Under 18 U.S.C. § 3583(g), a district court may revoke a defendant’s supervised release and impose a term of imprisonment when the defendant is found to have been in possession of a controlled substance. See United States v. Jackson, 70 F.3d 874, 877 (6th Cir.1995) (holding that § 3583(g) mandates termination of supervised release when defendant is found to be in possession of a controlled substance); United States v. Hancox, 49 F.3d 223, 224-25 (6th Cir.1995) (holding that failing a drug test constitutes “possession”). In reviewing the district court's imposition of a new sentence upon such *269revocation, we consider the following factors: (1) whether the sentencing court considered the policy statements in the guidelines; (2) whether the sentencing court considered the relevant statutory factors; and (3) whether the sentence imposed exceeds the statutory maximum. See McClellan, 164 F.3d at 309-10.
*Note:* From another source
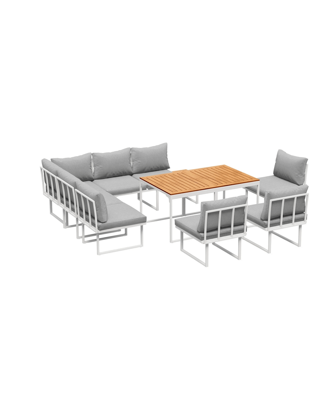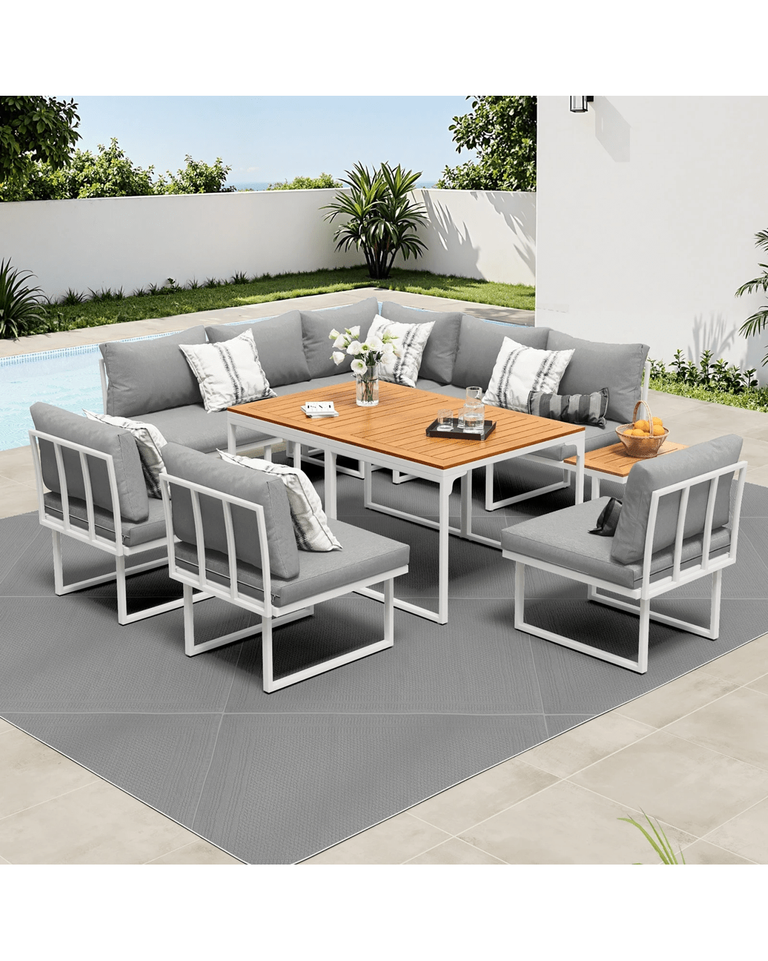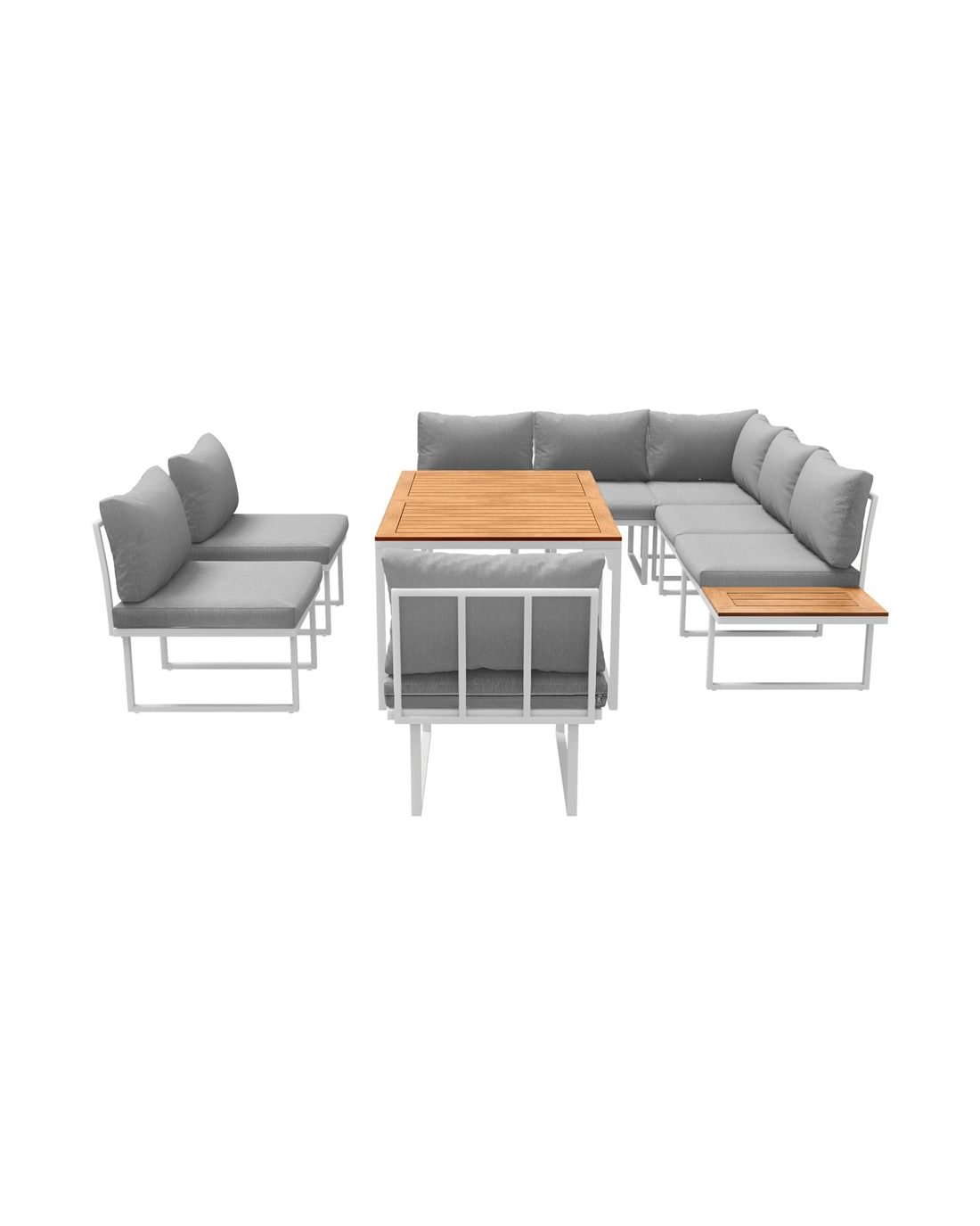 Naturally, our outdoor set is made to withstand the weather elements such as good water and UV resistance, including the removable cushions and pillows, to have you enjoying your marvellous seating with minimum fuss and maximum satisfaction under the sun, moon and stars. Better still, use the set indoors if it suits your decor ideas. After all, any fine set as wonderful as the Livsip Outdoor Sofa Dining Set should not be confined to just one place in your home.

First, with regard to the policy statements contained in the federal sentencing guidelines, we consistently have held that those policy statements are merely advisory and that a court need only consider them prior to imposing a sentence upon revocation of supervised release. See id. (citing West, 59 F.3d at 33). Here, the policy statements in Chapter Seven of the guidelines recommend a sentencing range of eight to fourteen months for an individual with Offet’s violation category and criminal history. See U.S.S.G. § 7B1.4. The following exchange took place during Offet’s supervised release hearing:
The Court: What are the options as you understand them?
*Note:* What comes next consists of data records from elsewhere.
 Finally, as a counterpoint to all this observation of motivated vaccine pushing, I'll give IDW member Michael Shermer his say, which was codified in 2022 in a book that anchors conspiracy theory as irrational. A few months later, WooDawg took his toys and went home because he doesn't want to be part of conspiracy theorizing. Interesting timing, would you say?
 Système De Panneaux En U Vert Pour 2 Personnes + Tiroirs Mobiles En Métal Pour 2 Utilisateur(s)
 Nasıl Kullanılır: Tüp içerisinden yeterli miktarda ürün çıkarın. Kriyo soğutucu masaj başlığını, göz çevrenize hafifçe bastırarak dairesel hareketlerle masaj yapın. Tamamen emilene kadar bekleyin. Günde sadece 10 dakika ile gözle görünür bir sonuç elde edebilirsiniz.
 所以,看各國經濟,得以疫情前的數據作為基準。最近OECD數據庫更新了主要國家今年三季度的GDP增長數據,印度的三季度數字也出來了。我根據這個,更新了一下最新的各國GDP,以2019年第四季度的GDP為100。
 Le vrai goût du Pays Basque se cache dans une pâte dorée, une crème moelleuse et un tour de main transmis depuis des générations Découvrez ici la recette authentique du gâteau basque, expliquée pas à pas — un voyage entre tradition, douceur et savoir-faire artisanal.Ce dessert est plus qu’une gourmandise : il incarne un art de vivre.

[Gov’t]: As I understand them, you have the options of whether to find him in violation, send him back for — I believe it is eight to fourteen months as stated in the report, or you may continue him on supervised release and go from there. Those are the two options I see.
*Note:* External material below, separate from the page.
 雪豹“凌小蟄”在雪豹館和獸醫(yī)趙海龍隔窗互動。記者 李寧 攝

The Court: But the period would be eight to fourteen months if I were to revoke?
[Gov’t]: Well, as a guideline it’s eight to fourteen months. You could go up to two years.
The Court: Or I could go less?
[Gov’t]: Absolutely.
Thus, the district court clearly was aware of the recommended sentencing range, and we recognize that it was enough for the court to have considered and rejected a sentence within that range.
Second, with regard to the relevant statutory factors, 18 U.S.C. § 3553 requires the sentencing court to consider the following factors prior to sentencing: (1) the nature and circumstances of the offense; (2) the need to deter criminal conduct, to protect the public, and to provide the defendant with appropriate treatment; and (3) avoidance of unwarranted disparities. See 18 U.S.C. § 3553; Webb, 30 F.3d at 689 n. 2. We recognize that the sentencing court need not “engage in a ritualistic incantation to establish consideration of a legal issue” on the record so long as it sets forth some reason for its sentence. See McClellan, 164 F.3d at 310 (internal quotation marks and citation omitted). Here, the district court considered the nature and circumstances of the offense, as well as the need to deter criminal conduct and to protect the public. The district court reviewed Offet’s criminal history, noting in particular the young age at which he began his criminal career, the great number of crimes he committed, and several fortunate instances of judicial leniency. The court further noted that Offet “didn’t help [him]self a whole lot by not showing up in court” for the originally scheduled hearing.
Finally, it is undisputed that Offet’s sentence did not exceed the statutory maximum of twenty-four months. See 18 U.S.C. § 3583(e)(3). In light of the factors set forth above, we hold that it was not plainly unreasonable for the district court to sentence Offet to twenty-four months’ imprisonment.
III. CONCLUSION
Accordingly, we AFFIRM the judgment of the district court.